Around age 10, I fancied myself a detective. Rumors had begun circulating at school that the Tooth Fairy was (gasp) actually your parents. And so began my quest to prove she wasn’t real.

Before placing my tooth under my pillow one night, I wrote a note asking if she could provide a picture of herself. The next day, on a perfect cutout of a tooth (dad took his Tooth Fairy duties very seriously), I received a note saying she, unfortunately, did not have a photo.

Dejected but not deterred, I wrote a note with my next tooth saying her passport photo would do. Surely she had one with the amount of travel required by her job. Her Dad’s response? You can’t take a photo of a fairy.

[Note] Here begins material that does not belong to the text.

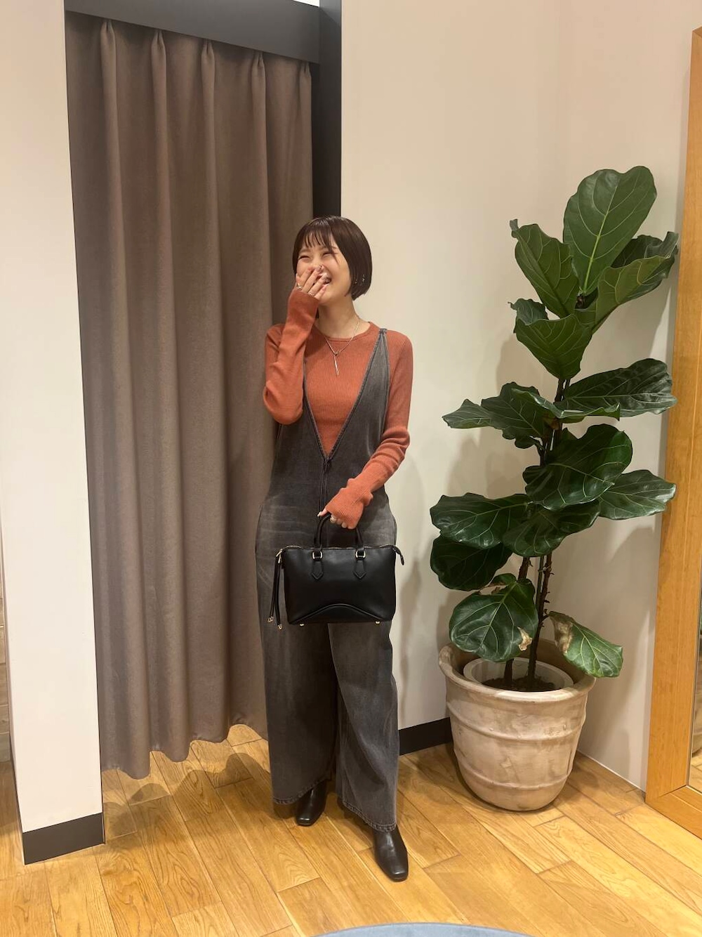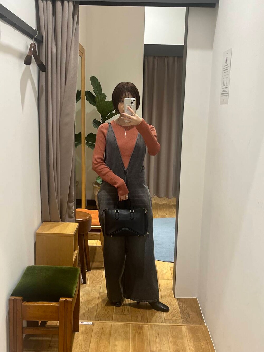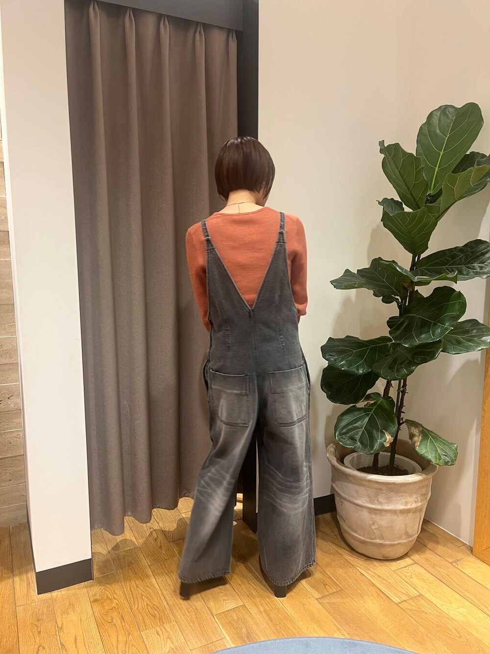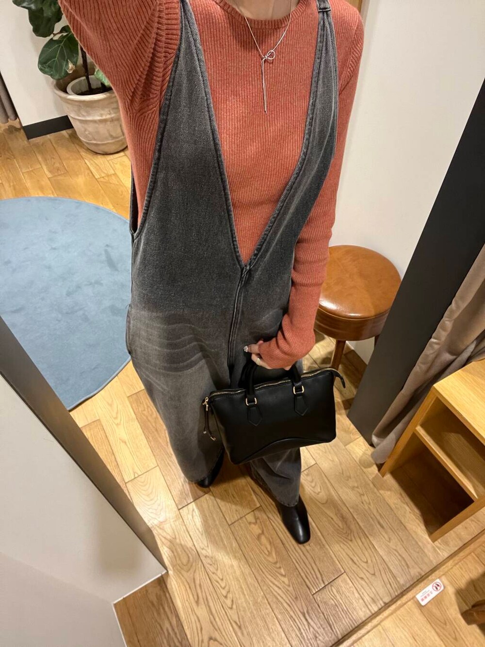 デニムのサロペットはゆったりしたシルエットなので、ニットなどをインナーに着てもごわつかず着ていただけます☺️
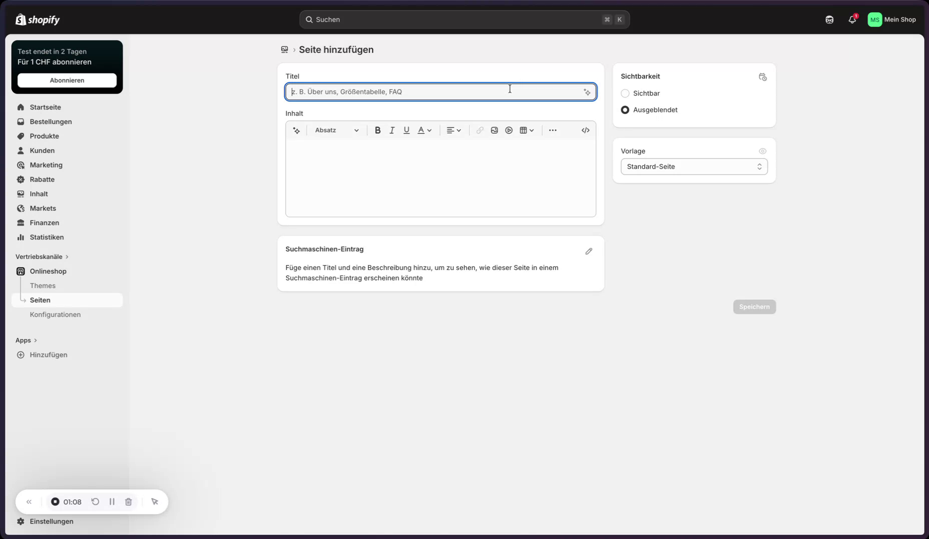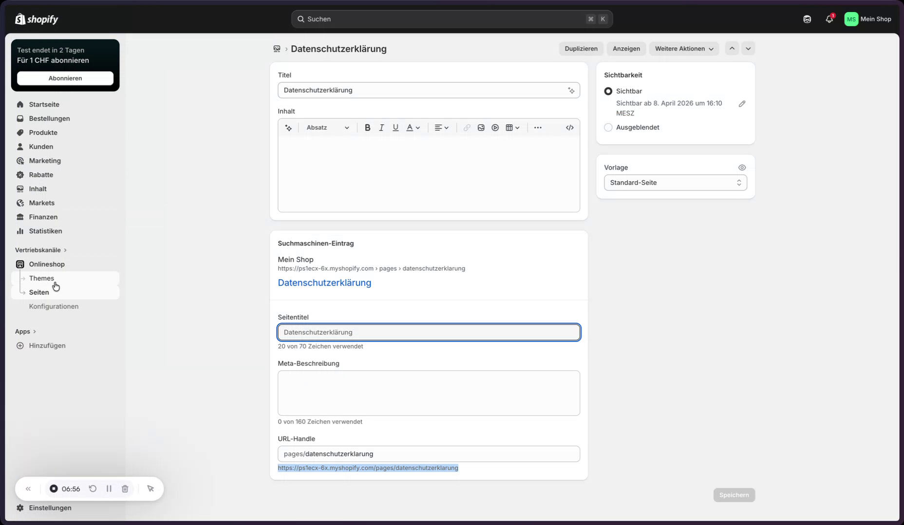 Dazu werden zwei neue Seiten im Shopify-Backend angelegt: eine Seite für die Datenschutzerklärung und eine Seite für das Impressum.

Not to be outsmarted, I concocted a plan. The next time I lost a tooth, I would make sure no one in my family knew. The stars aligned and my next tooth fell out at school on the exact same day Joelle lost one, meaning the attention would be on her. Even better, I lost a molar (not particularly noticeable), and it was a Monday which meant I’d go straight from school to Extended Day to my 2.5 hour dance class. By the time I got home, I’d be able to go to bed without much conversation with my parents, meaning the likelihood of them noticing was slim.

Excited for my scheme to unfold, I even scripted an entire speech for the next morning. I’d ask Joelle what she got from the Tooth Fairy in front of my parents and respond with “that’s funny, because she missed the memo that I lost a tooth!” Brilliant, right? I couldn’t wait to see them panic. They couldn’t even claim that the Tooth Fairy forgot to visit our house/was on vacation, because she had been down the hall in Joelle’s room!

The next morning, lo and behold, I found a note in the shape of a tooth along with her signature silver dollar. The note read that she would stop visiting me if I didn’t have faith in her existence. To say I was mindblown would be an understatement. Immediately, I checked the caller ID. My teacher must have spilled the beans. But nope, nada.

I later found out that my friend Layton had told her parents about my plan at dinner. In an effort to look out for my parents, Mrs. Osgood called my dad to warn him of the trap I was setting. He even knew to delete the call entry from the caller ID!

In case you were wondering, I did later feel daddy’s hand under my pillow one night, ending his reign as Tooth Fairy.